In December 2005, Abdullah Khadr, older brother of Omar, Abdurahman and Abdul Karim Khadr and younger brother of Zaynab, returned to his home in Toronto, Canada after fourteen months of being held in a Pakistan prison without charges. One week later he was arrested in Canada and held without bail, pending extradition to the US. The US had earlier obtained information from the Taliban which suggested to them Abdullah may have been the suicide bomber who killed a Canadian soldier in Kabul in January 2004. In an interview with CBC News on Feb. 25, 2004, Abdullah Khadr said, "If I was the suicide bomber, I wouldn't be doing this interview with you right now."
This time he was indicted in the US on charges of supplying weapons to Al Qaeda in Pakistan. In August 2006, Khadr's lawyer Dennis Edney filed an application to stay the extradition proceedings, arguing that the US government's evidence against Khadr was inadmissible because it relied on information gathered under torture in Pakistan. Khadr was held in a detention centre for the next five years until his release last August when the stay was granted and the presiding judge called his treatment "both shocking and unjustifiable."
The Attorney General of Canada brought the case to the Court of Appeal in April, arguing that the lower court judge did not properly balance the benefits of Khadr's release with the seriousness of the charges. Today, Ontario's Court of Appeal (the highest court in Ontario) agreed unanimously with the lower court's decision and answered the appeal with a 33 page decision. The decision stated that to allow the extradition would amount to the Canadian courts being complacent with the torture.
"We must adhere to our democratic and legal values, even if that adherence serves in the short term to benefit those who oppose and seek to destroy those values, for if we do not, in the longer term, the enemies of democracy and the rule of law will have succeeded. They will have demonstrated that our faith in our legal order is unable to withstand their threats. ... It surely can come as no surprise that in a country like Pakistan with a constitution guaranteeing fundamental rights and freedoms, it is illegal to accept a bounty or bribe from a foreign government, to abduct a foreign national from the street, to beat that individual until he agrees to co-operate, to deny him consular access, to hold him in a secret detention centre for eight months while his utility as an intelligence source is exhausted, and then to continue to hold him in secret detention for six more months at the request of a foreign power," said the decision. They also pointed out that refusing the extradition does not prevent the Attorney General from bringing the case before Canadian courts.
Khadr's father, a Canadian named Ahmed Said Khadr who ran orphanages and other charities in Pakistan and Afghanistan, was a friend of Osama Bin Laden and his family has been under constant threat from the US government. His brother Omar was tortured by the US military and kept in prison as a possible source of intelligence since he was 15 years old. He remains in Guantanamo today, now 24 years old.

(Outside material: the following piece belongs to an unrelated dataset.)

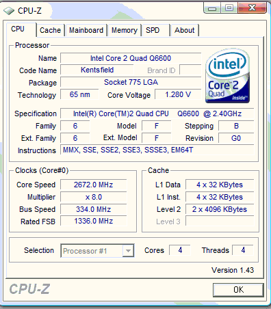 | Процессор (ядро) | Intel Core 2 Quad (Kentsfield) |
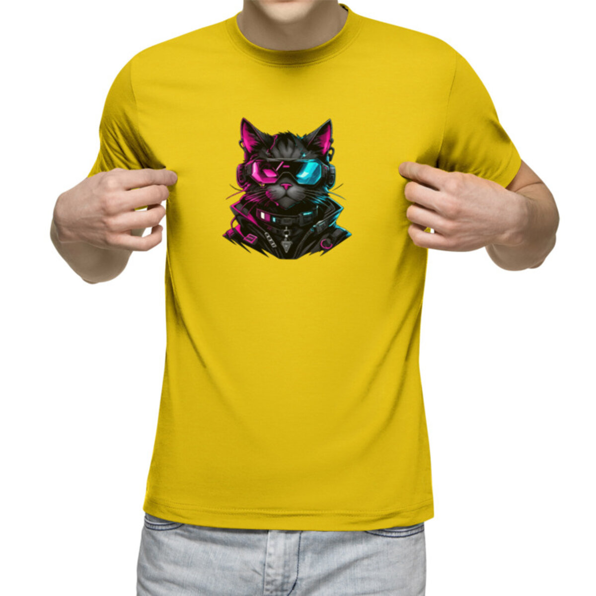 Футболка оверсайз «Кибер-кот в стиле киберпанк cyberpunk» цвет белый

Abdullah was abducted by Pakistani intelligence, who were paid a $500,000 bounty by the US government for him. (The Globe and Mail had to take the Canadian government to court in 2008 to be able to publish information about the bounty. The Canadian government held that publication would "threaten national security.") He was beaten and denied access to Canadian consular services, and held for fourteen months without charges while being interrogated by Pakistani, Canadian and US authorities. US authorities requested that Canadian intelligence not push for consular access. Pakistani authorities told Canadian authorities in June 2005 that Khadr would be released without charges, but US intelligence persuaded Pakistan to continue to hold him until December while the FBI interrogated him and arranged for his extradition to the US from Canada.
Khadr's lawyer, Dennis Edney, said his newly married client is looking forward to getting on with his life, and the decision shows the US, "When they come to the court, they are supposed to come with clean hands, meaning that the evidence they are relying on to extradite that person is legal, it's not evidence that has been relied on through torture and abuse."
The federal government has 60 days to appeal to the Supreme Court of Canada. In an earlier interview with Dennis Edney, he told WL Central that he was very tired after eight years of fighting the Canadian government, but he had no choice but to continue. The US State cable #09OTTAWA629 discussing the case of Abdullah's brother Omar shows that he was fighting more than the Canadian government:
"In a discussion with CDA on the eve of the decision, a senior official of the Prime Minister's Office predicted that the government would appeal to the Supreme Court if it lost at the appellate level. According to an official of the Privy Council Office on August 14, the government was still trying to "digest" the decision, but he took note our informal request for the government to consult privately with us before making public any possible request for repatriation. [bolding added] .... Comment: The vigorous dissent opinion should give the government some hope that an appeal to the Supreme Court could be successful, and could -- not incidentally -- also at least delay action until the next steps become clearer in the legal procedures against Mr. Khadr by the U.S. military authorities. Mr. Khadr's family remains deeply unpopular in Canada, although there is some sympathy for him since he was only 15 years old at the time of his capture. There would be virtually no political blowback domestically for the Conservative Party if the government chooses to pursue an appeal, making this a strong likelihood.